CVE-2015-10030: 
PHP vulnerability analysis and mitigation

A critical vulnerability (CVE-2015-10030) was discovered in SUKOHI Surpass affecting the file src/Sukohi/Surpass/Surpass.php. The vulnerability was disclosed on January 8, 2023, and involves a pathname traversal issue where manipulation of the 'dir' argument could lead to unauthorized directory access. The vulnerability affects all versions of SUKOHI Surpass prior to version 1.0.0 (NVD).

The vulnerability is classified as a path traversal vulnerability (CWE-22) that allows manipulation of the 'dir' argument in the src/Sukohi/Surpass/Surpass.php file.

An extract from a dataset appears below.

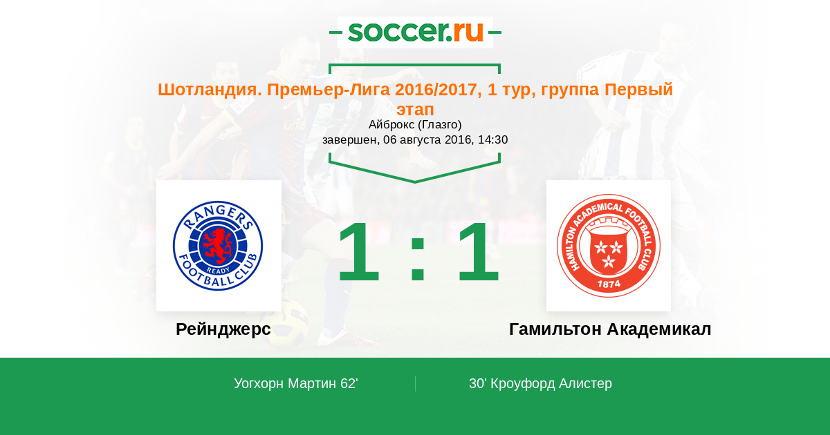 Рейнджерс - Гамильтон Академикал: обзор матча 6 августа 2016
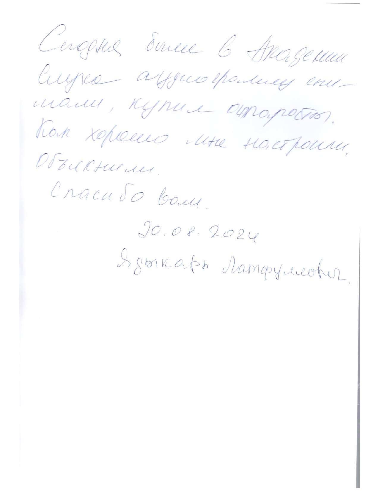 Я Мельникова Гульсина Шаиховна хочу сказать спасибо сотрудникам Академии слуха за хорошее отношение. Очень приветливые и вежливые сотрудники.

The CVSS v3.1 base score is 5.3 (Medium) with vector CVSS:3.1/AV:N/AC:L/PR:N/UI:N/S:U/C:L/I:N/A:N according to NVD assessment. The vulnerability could allow attackers to access directories outside of the intended directory structure (NVD).

If exploited, this vulnerability could lead to unauthorized access to directories outside of the intended directory structure, potentially exposing sensitive information. The impact is primarily focused on confidentiality, with the ability to read files that should not be accessible through the application (NVD).

The vulnerability has been fixed in version 1.0.0 of SUKOHI Surpass. The patch (d22337d453a2a14194cdb02bf12cdf9d9f827aa7) prevents directory traversal attacks by removing potentially dangerous characters ('/', '.', and null bytes) from the dir parameter. Users should upgrade to version 1.0.0 or later to address this security issue (GitHub Patch).